* **TASK STATEMENT**: Should a picture appear anywhere in the data, omit it and copy everything else exactly.

* **DATA SHOWN**:
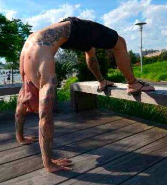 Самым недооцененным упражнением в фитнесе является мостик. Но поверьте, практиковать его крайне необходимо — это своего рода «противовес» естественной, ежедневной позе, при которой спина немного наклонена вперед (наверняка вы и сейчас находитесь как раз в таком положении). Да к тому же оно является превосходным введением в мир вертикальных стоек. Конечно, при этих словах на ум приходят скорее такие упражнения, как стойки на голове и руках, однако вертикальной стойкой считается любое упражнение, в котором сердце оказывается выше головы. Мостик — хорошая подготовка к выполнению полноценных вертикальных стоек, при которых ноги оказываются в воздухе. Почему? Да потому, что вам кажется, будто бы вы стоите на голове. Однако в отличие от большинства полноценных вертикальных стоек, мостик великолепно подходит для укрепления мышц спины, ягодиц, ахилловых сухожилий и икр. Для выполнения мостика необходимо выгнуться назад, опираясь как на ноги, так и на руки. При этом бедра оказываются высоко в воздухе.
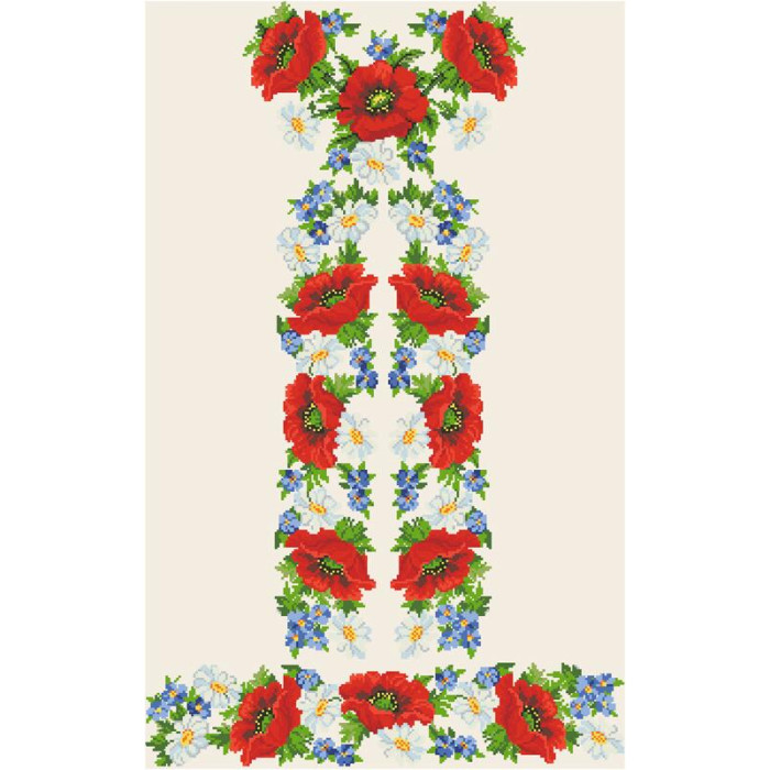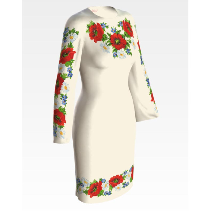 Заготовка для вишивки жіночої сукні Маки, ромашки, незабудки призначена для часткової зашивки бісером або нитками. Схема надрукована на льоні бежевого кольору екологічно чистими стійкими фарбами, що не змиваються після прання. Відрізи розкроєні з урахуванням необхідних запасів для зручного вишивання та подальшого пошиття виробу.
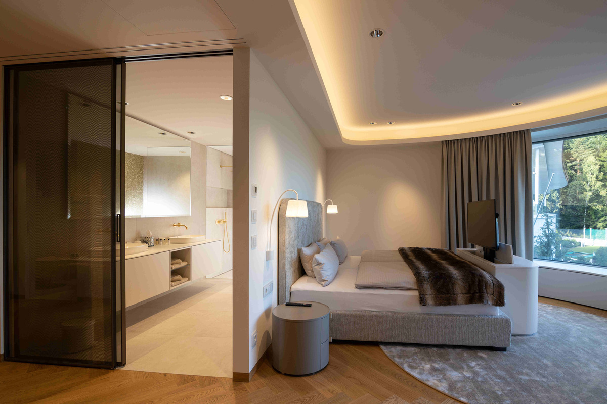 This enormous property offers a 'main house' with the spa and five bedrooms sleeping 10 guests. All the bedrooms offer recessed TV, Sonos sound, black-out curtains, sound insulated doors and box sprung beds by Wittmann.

* **EXERCISE SOLUTION**:
 Самым недооцененным упражнением в фитнесе является мостик. Но поверьте, практиковать его крайне необходимо — это своего рода «противовес» естественной, ежедневной позе, при которой спина немного наклонена вперед (наверняка вы и сейчас находитесь как раз в таком положении). Да к тому же оно является превосходным введением в мир вертикальных стоек. Конечно, при этих словах на ум приходят скорее такие упражнения, как стойки на голове и руках, однако вертикальной стойкой считается любое упражнение, в котором сердце оказывается выше головы. Мостик — хорошая подготовка к выполнению полноценных вертикальных стоек, при которых ноги оказываются в воздухе. Почему? Да потому, что вам кажется, будто бы вы стоите на голове. Однако в отличие от большинства полноценных вертикальных стоек, мостик великолепно подходит для укрепления мышц спины, ягодиц, ахилловых сухожилий и икр. Для выполнения мостика необходимо выгнуться назад, опираясь как на ноги, так и на руки. При этом бедра оказываются высоко в воздухе.
 Заготовка для вишивки жіночої сукні Маки, ромашки, незабудки призначена для часткової зашивки бісером або нитками. Схема надрукована на льоні бежевого кольору екологічно чистими стійкими фарбами, що не змиваються після прання. Відрізи розкроєні з урахуванням необхідних запасів для зручного вишивання та подальшого пошиття виробу.
 This enormous property offers a 'main house' with the spa and five bedrooms sleeping 10 guests. All the bedrooms offer recessed TV, Sonos sound, black-out curtains, sound insulated doors and box sprung beds by Wittmann.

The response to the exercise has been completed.